Brenthia leptocosma

Scientific classification
- Kingdom: Animalia
- Phylum: Arthropoda
- Class: Insecta
- Order: Lepidoptera
- Family: Choreutidae
- Genus: Brenthia
- Species: B. leptocosma
- Binomial name: Brenthia leptocosma Meyrick, 1916

= Brenthia leptocosma =

- Authority: Meyrick, 1916

Species of moth

Brenthia leptocosma is a species of moth of the family Choreutidae. It is found on Mauritius and Réunion in the Indian Ocean.

This species has a wingspan of 8–9 mm, the head is bronzy-fuscous with a white line above the eyes. The thorax is bronzy-fuscous with five fine white longitudinal lines. The abdomen is dark fuscous. Forewings are elongate-triangular, costa gently arched, dark bronzy-fuscous, irregularly irrorated (speckled) with white and white dots on costa beyond. There is a series of eight small rounded-oblong spots round apex and termen, each centered with a violet-metallic dot. The hindwings are rather dark-fuscous, with a small oblique-oval whitish spot in the middle of the disc, a fine violet-blue-metallic line just before termen from apex to below middle, followed by three or four black spots.

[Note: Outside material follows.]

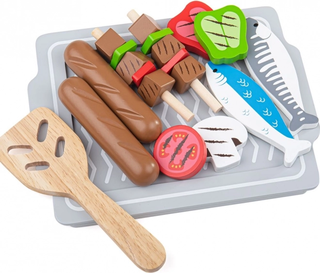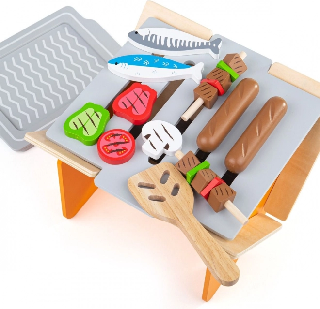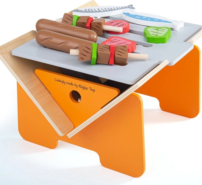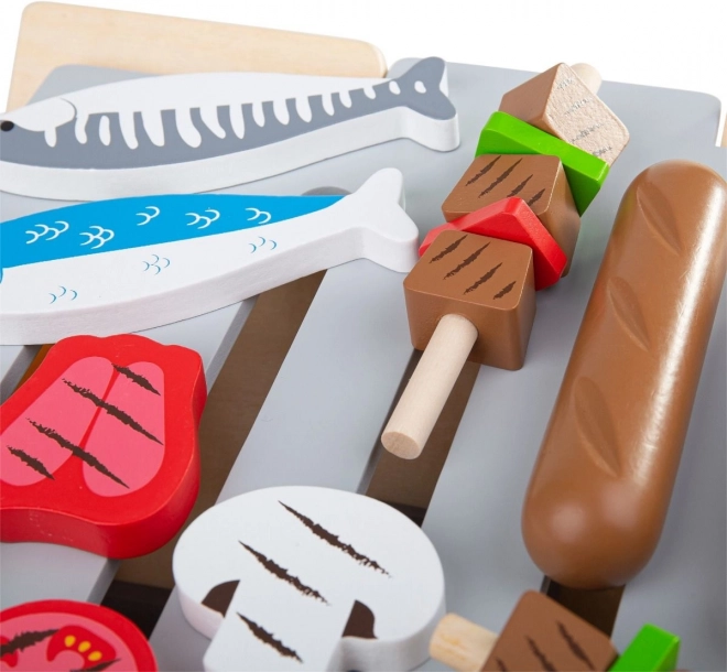 Priredite vrtnu zabavu s drvenim stolnim roštiljem Bigjigs Toys! Sadrži 10 komada hrane, lopaticu, poslužavnik i ugljen. Jednostavno sastavljanje bez vijaka. Izrađeno od održivih materijala.

This species is similar to Brenthia cyanaula in markings, but the palpi are quite different and characteristic.

Host plants of this species are Boraginaceae bushes, (mainly Cordia macrostachya but also Cordia myxa, Cordia abyssinica, and Cordia holstii). but also on Ehretia cymosa and Cordia africana. None of these species are native to Mauritius, nor Réunion.